Noch heute gibt es viele christliche Gruppen, die zur Judenmission aufrufen. Wie beurteilen Sie das?
Oelschläger: Angesichts der Konsequenz, die die EKHN aus dem 11. Kapitel des Römerbriefs gezogen hat, in Verbindung mit der Einsicht in die Mitschuld am Schicksal der Juden im 20. Jahrhundert möchte ich betonen: Das Bekenntnis der „bleibenden Erwählung der Juden“ in unserem 1991 geänderten Grundartikel schließt jede Judenmission aus und wir müssen uns auch von jedem Gedanken daran distanzieren.
Was hat die Evangelische Kirche in Hessen und Nassau dazu bewogen, ihre Beziehung zum Judentum vor gut zwei Jahrzehnten neu zu formulieren?
Oelschläger: Der Grundartikel formuliert das wie gesagt wörtlich so: „Aus Blindheit und Schuld zur Umkehr gerufen bezeugt sie – also die Evangelische Kirche in Hessen und Nassau – neu die bleibende Erwählung der Juden“. Das heißt: Nicht die Juden sind die Blinden, wie die mittelalterliche Kunst suggeriert, die die Synagoge mit verbundenen Augen darstellt, sondern wir waren es und sind zur Umkehr gerufen. Wichtig ist aber in dem Zusammenhang, dass dies ein Fundament im Römerbrief des Apostels Paulus hat.
Was können wir aus all diesen oft ernüchternden Erfahrungen für den künftigen Umgang mit Toleranz lernen?

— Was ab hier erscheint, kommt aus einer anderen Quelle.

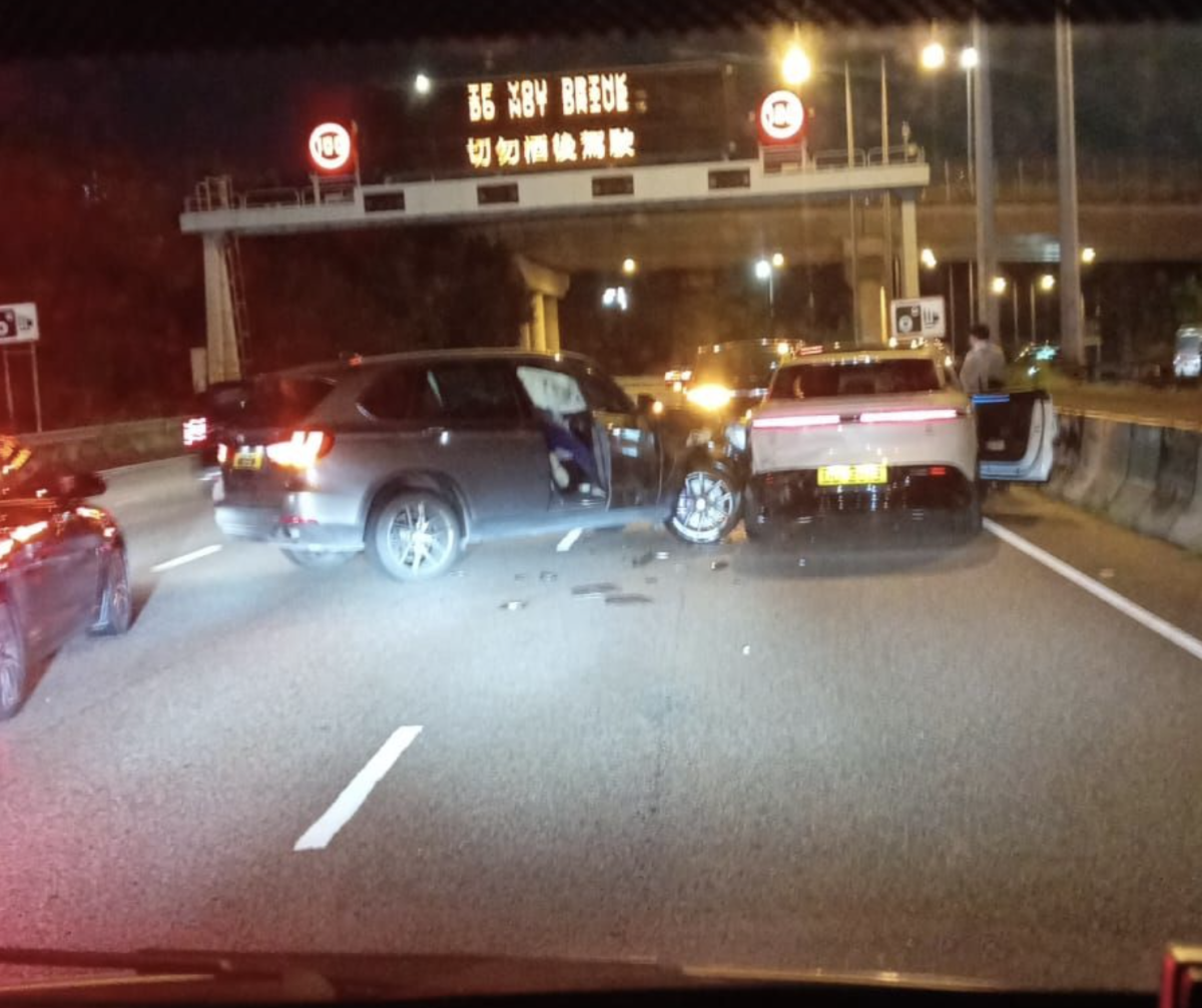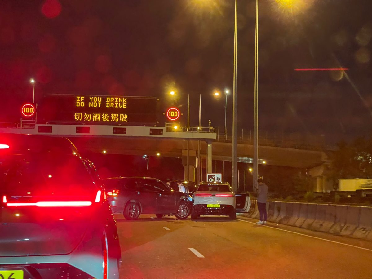 【點新聞報道】今晚(22日)8時53分左右,吐露港公路近香港科學園路段發生交通意外。從網絡圖片可見,一輛SUV轎車與一輛白色私家車相撞,SUV轎車橫亘在車道分界線上,擋住行車線,司機正下車交涉,暫時未報有人受傷。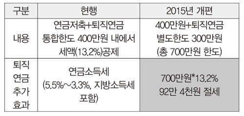 ·퇴직연금이 정부의 활성화 정책 수혜로 세액공제 한도 연간 납입액 700만원으로 확대과세이연 + 연금과세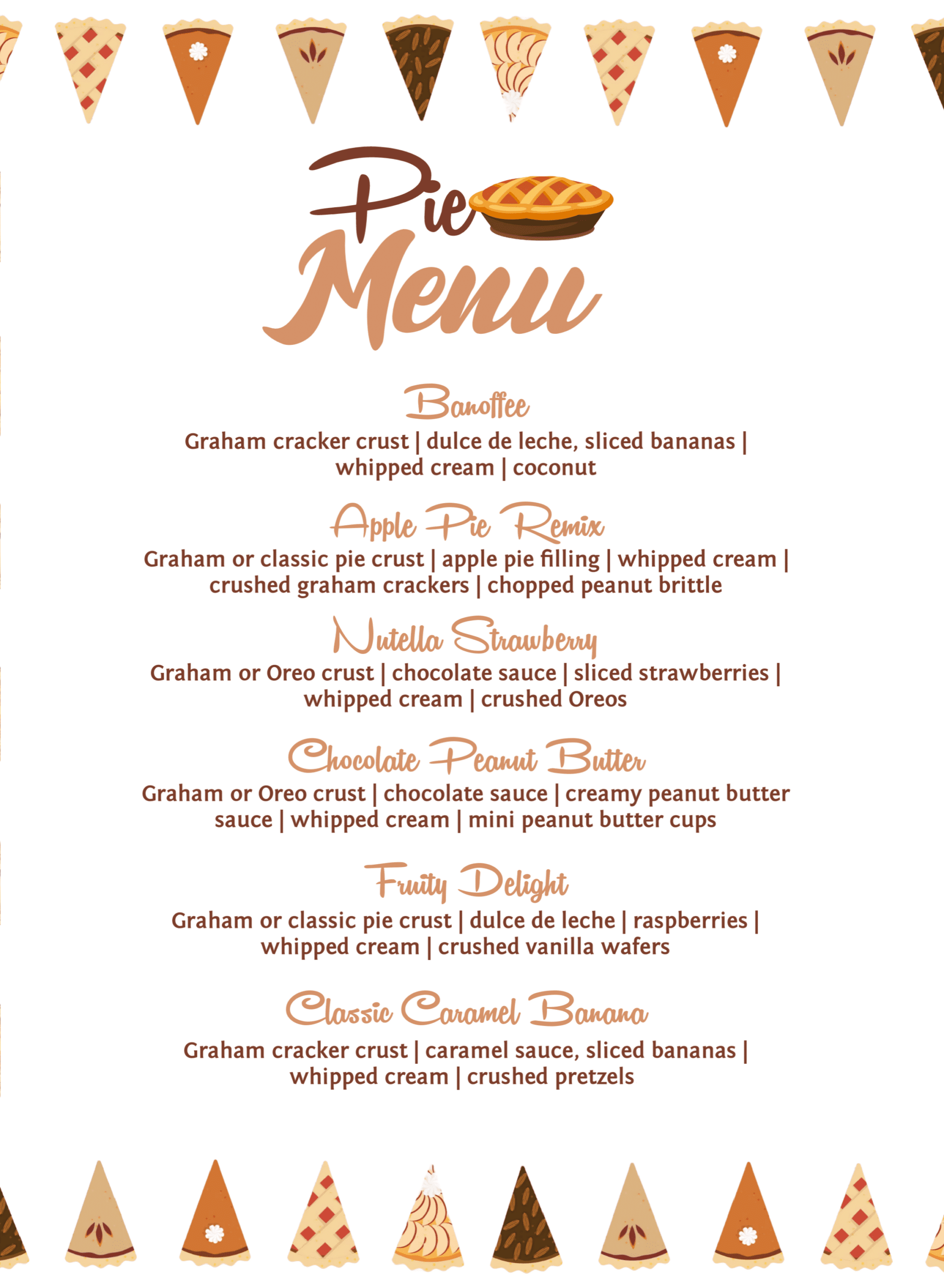 - Nutty pecan delight: Graham or classic pie crust, pecan sauce, whipped cream, crushed graham crackers, chopped mixed nuts, toffee bits

Oelschläger: Wichtig scheint mir, dass wir uns in unserem Bemühen um gute Beziehung und um einen lebendigen Dialog auf die gemeinsamen Wurzeln besinnen. Das Judentum ist für uns nicht irgendeine fremde Religion. Wichtig ist aber auch, dass wir es mit unserer Umarmung nicht erdrücken und ebenso sein Anderssein tolerieren. Nur so kann es zu einem Dialog auf Augenhöhe kommen, und der ist es, der echte Toleranz erfordert. Dazu gehört, dass wir gegenüber den Juden endgültig den Verzicht auf jegliche Mission erklären und uns in der gebotenen Form auch von Luthers späten Judenschriften distanzieren. Zur Würdigung der jüdischen Religion gehört aber auch, dass wir bei aller Achtung der Unterschiede sehen, dass Jesus seine Botschaft mit Texten des Teiles der Heiligen Schrift begründet, den wir das Alte Testament nennen. Nur so können wir auch zu einer Würdigung der Unterschiede kommen, die auf jene plakativen Unterscheidungsmuster der Vergangenheit verzichtet.